Ia masih belum percaya sebelum pada akhirnya adiknya mengirimkan foto Tirta dengan balutan seragam rumah sakit dan terbujur tidak berdaya. Seketika tangannya gemetar, tatapannya kosong, segala kenangaan menggenang di kepalanya, segala kemesit ditempa pada hatinya. Ia menangis seakan tiada seorangpun yang bisa menolongnya.
“Tuhan, aku baru saja berdoa untuk segala hal yang baik, tapi kenapa..”
“Aku bahkan belum meminta maaf, aku belum berterima kasih, aku belum kasih tahu ke dia kalo aku sayang banget sama dia terlepas dari kesulitan yang menempa kita..”
“Kenapa Tuhan ambil kamu dari aku, Ta? Kenapa Tuhan ambil orang yang ketulusannya bisa aku rasain?”
Jenna terus meracau, kacau. Harapan yang baru saja ia hantarkan dengan doa dan senyuman langsung dipatahkan. Ia menangis di sudut kamar itu tanpa bisa kembali, entah ke rumah atau masa sebelum ponsel itu berbunyi. Sejak saat itu, yang ia partanyakan adalah ‘Mulai dari mana kesalahan itu?’, ‘Apakah ini cara Tuhan mengabulkan doa mereka?’

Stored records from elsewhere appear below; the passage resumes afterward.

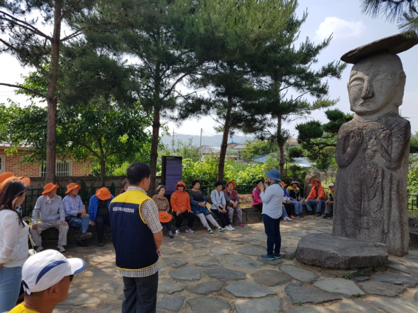 경기 용인시 기흥구 상갈동 지역사회보장협의체는 최근 지역내 저소득 취약계층 홀몸노인 20명을 대상으로 관광명소 3곳을 찾는 ‘추억의 청춘여행’을 성황리에 마무리했다. 사진은 노인들이 관광지를 방문해 해설사의 설명을 듣고 있는 모습.(사진제공=용인시청)
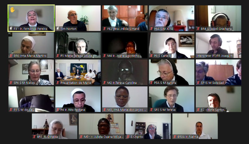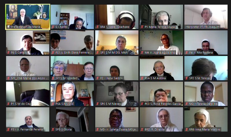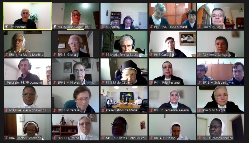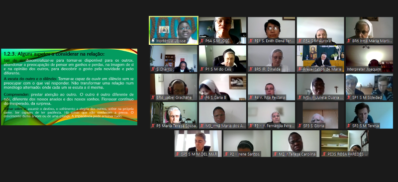 La animación de hoy está a cargo de la Hna. Hortensia. La sesión comienza con la oración preparada por las Hermanas de la Provincia Portuguesa, ¡MARANATHA!
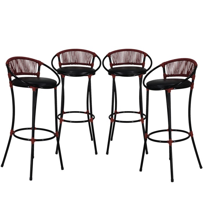 4 Banquetas Havaí Fio de Fibra Artesanal para Bar, Bancada, Lanchonete - Preto Preto/Vermelho

Butuh waktu lama untuk Jenna bisa menjelaskan pada dirinya sendiri tentang arti kehilangan, tentang arti kepergiannya. Bahwa itu semua bergantung pada sudut pandang kita melihat kematian itu sendiri. Jenna memilih belajar menerima, lalu ingin percaya bahwa yang telah digariskan adalah yang terbaik untuk Tirta. Seperti saat ini, Jenna bangkit dari sujudnya, mengadahkan tangan memohon untuk dikembalikan menjadi orang yang berdoa, karena barangkali ia melangkah terlalu jauh sebelumnya.
“Tidak apa, aku akan menjadi lebih baik dengan mengingatmu. Benar seperti katamu, di ujung jalan ini, jika bukan kebahagiaan, maka kita akan menemukan sebuah pelajaran. Aku tidak akan hancur untuk kesekian kalinya dengan mencaci ketidakadilan Tuhan.” Gumamnya.
Tidak ada yang pernah baik-baik saja dengan kehilangan orang yang kita sayang. Bahkan yang lebih menyakitkan dari pada itu adalah kehilangan orang yang menyayangi kita. Tapi, yang paling ujung dan paling pasti dari kehidupan adalah kematian itu sendiri. Perihal kehilangan, itu adalah sebuah kepahitan, tapi bisa jadi juga merupakan pertolongan bagi yang berpulang. Pilih saja dari sudut pandang mana kamu ingin menilainya. Pilih saja ingin hancur atau memperbaiki diri bersama kepergiannya.